As the world heats up and water grows scarce, threatening the productivity of humankind’s preferred crops, breeder Marcela Carvalho Andrade and her colleagues at the International Maize and Wheat Improvement Center (CIMMYT) are working to toughen maize, drawing resilience traits from landraces, the forerunners of modern maize.
For decades, scientists have sought to utilize the hardiness of maize landraces, which evolved over millennia of farmer selection for adaptation to diverse and sometimes harsh local settings in Mexico, Central and South America.
But crossing elite varieties with landraces brings along wild traits that are difficult and costly to purge, including lower grain yields, excessive tallness or a tendency to fall over in strong winds. For this and for their genetic complexity, landraces are seldom used directly in breeding programs, according to Andrade.
Crosses that home in on genetically complex traits
“Our strategy is to cross selected landraces with elite maize lines, thus developing improved lines that can be directly incorporated and recycled in breeding programs,” explained Andrade, who joined CIMMYT in 2016.
The traits sought include better resilience under high temperatures, drought conditions or the attacks of rapidly-evolving crop diseases. “All these features will be critical for the future productivity of maize,” said Andrade.
One of the world’s three most important crops, maize contributes over 20% of the calories in human diets in 21 low-income countries, as well as being used in industry, biofuels, and feed for livestock and poultry.
Andrade and the maize breeding team develop new lines that carry a 75 percent genetic contribution from the elite source and 25 percent from a landrace. The aim she said is to get the good components from both sides, while broadening maize’s genetic diversity for use by breeders and ultimately farmers.
The resulting lines and hybrids are tested for yield, resilience and overall agronomic performance, under both normal growing conditions and “stressed” environments; for example, in plots grown at sites with high temperatures or reduced water availability.
“We can thus identify landraces that offer traits of interest, as well as generating improved breeding lines to strengthen the resilience of elite maize without reducing its yield,” said Andrade, noting that the research employs conventional cross-pollination and selection.
According to Andrade, CIMMYT has carried out large-scale molecular analysis of its maize seed collections, which number around 28,000 and comprise landraces from 70 countries.
“Over the past years, CIMMYT has used genetic diversity analyses of its maize collections to select landraces for use in drought tolerance breeding or for finding lines that are resistant to newly important diseases such as Maize Lethal Necrosis or Tar Spot,” she explained. “Genetic diversity analysis allows us to narrow the number of candidate landrace sources that we need to cross and assess in the field.”
The viral disease Maize Lethal Necrosis (MLN) has devastated crops in eastern Africa since its appearance there in 2011.
The researchers have also found landrace sources of resilience against Tar Spot Complex, a maize disease of the Americas that can cause 50 percent or greater yield losses in infected crops.
Benefiting breeding and farmers
Andrade said the breeding team expects to release a first wave of landrace-derived, improved maize lines in 2019, some featuring enhanced drought tolerance and others that provide better resistance to Tar Spot.

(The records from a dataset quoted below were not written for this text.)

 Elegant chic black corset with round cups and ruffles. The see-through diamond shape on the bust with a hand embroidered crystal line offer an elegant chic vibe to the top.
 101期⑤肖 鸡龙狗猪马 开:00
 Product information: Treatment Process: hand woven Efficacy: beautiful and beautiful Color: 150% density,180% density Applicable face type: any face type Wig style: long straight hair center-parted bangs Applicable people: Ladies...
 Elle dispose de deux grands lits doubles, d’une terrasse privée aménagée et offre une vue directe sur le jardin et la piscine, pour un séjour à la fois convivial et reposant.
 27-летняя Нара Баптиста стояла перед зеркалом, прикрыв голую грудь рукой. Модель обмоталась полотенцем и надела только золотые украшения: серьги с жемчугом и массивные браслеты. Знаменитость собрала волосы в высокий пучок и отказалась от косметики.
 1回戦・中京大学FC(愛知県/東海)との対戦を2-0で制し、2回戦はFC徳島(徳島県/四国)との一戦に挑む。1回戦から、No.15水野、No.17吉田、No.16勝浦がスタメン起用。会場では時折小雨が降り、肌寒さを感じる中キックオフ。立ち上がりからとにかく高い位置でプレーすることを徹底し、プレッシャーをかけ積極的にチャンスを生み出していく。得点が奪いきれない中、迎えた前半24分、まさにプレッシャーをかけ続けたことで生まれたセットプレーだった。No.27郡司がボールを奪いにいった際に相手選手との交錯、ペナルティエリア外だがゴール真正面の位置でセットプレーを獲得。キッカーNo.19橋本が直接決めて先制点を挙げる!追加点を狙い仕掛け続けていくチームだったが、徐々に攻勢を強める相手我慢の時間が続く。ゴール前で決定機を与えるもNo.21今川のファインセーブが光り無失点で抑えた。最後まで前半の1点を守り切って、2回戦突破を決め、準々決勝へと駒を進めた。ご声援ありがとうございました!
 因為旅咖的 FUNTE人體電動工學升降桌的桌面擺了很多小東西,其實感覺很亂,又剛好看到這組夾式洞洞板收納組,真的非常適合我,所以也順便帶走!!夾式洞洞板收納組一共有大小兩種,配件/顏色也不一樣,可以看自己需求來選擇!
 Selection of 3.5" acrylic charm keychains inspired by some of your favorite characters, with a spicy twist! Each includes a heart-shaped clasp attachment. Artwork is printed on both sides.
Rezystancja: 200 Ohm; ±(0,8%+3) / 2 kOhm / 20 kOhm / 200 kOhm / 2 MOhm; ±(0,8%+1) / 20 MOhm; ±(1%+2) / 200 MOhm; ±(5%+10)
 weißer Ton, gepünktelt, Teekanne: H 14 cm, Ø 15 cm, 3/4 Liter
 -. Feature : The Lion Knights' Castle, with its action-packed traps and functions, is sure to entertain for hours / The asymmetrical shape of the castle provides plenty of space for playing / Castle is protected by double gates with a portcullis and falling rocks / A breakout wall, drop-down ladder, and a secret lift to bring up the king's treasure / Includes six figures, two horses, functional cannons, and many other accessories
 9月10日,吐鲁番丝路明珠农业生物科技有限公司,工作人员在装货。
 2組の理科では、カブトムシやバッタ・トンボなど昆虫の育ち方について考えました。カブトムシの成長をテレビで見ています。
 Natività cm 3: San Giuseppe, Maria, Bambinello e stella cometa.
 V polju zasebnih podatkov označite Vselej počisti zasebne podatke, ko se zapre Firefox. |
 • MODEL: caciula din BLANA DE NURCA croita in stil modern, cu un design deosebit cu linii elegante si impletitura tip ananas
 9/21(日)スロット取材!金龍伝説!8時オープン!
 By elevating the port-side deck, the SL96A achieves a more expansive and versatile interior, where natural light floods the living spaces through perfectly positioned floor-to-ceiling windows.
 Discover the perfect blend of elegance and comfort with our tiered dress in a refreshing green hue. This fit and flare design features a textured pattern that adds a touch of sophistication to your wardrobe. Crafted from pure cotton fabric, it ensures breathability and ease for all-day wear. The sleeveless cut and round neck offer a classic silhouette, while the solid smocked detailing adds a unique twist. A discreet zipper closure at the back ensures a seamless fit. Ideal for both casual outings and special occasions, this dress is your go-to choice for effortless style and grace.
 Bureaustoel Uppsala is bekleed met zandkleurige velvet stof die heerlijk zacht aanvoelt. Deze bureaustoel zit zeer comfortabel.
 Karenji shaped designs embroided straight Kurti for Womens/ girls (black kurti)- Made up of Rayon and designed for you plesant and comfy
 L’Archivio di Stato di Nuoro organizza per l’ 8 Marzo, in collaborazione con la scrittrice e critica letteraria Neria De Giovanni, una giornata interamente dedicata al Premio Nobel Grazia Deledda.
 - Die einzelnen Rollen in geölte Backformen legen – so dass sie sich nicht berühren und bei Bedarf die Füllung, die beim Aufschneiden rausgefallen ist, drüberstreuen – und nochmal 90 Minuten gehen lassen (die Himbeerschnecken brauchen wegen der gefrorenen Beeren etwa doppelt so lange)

“The lines we offer will be freely available to breeders worldwide and must yield well and show superior resilience,” Andrade explained. “They will have reasonable agronomics—ear and plant height and standability, for example. The lines will not be perfect, but breeders won’t hesitate to use them because we’ve ensured that they are superior for at least one crucial trait and reasonably competitive for most other traits.”
From Brazil to the world
Growing up in a small town and having direct contact with her father’s dairy farm in Minas Gerais, a mainly rural state in Brazil, Andrade finds her CIMMYT work enormously satisfying. “My dad and a few uncles were farmers and complained some years that their crops didn’t yield well,” she says. “I knew I wanted to help them somehow.”
Andrade obtained Bachelor and Master’s degrees in agronomy/plant science from the Universidade Federal de Lavras (UFLA), one of Brazil’s premier institutions of higher education. She later completed a Doctorate in Genetics and Plant Breeding at UFLA, in partnership with Ohio State University.
She credits CIMMYT maize scientist Terry Molnar, her supervisor and mentor, with teaching her the complex ins and outs of maize breeding. “I am a plant breeder and worked previously with vegetables, but I learned the practical aspects of maize breeding from Terry.”
Looking ahead, Andrade sees herself continuing as a plant breeder. “I don’t see myself working in anything else. I would eventually like to lead my own program but, at this point in my career, I’m happy to help transfer landrace traits to modern maize varieties.”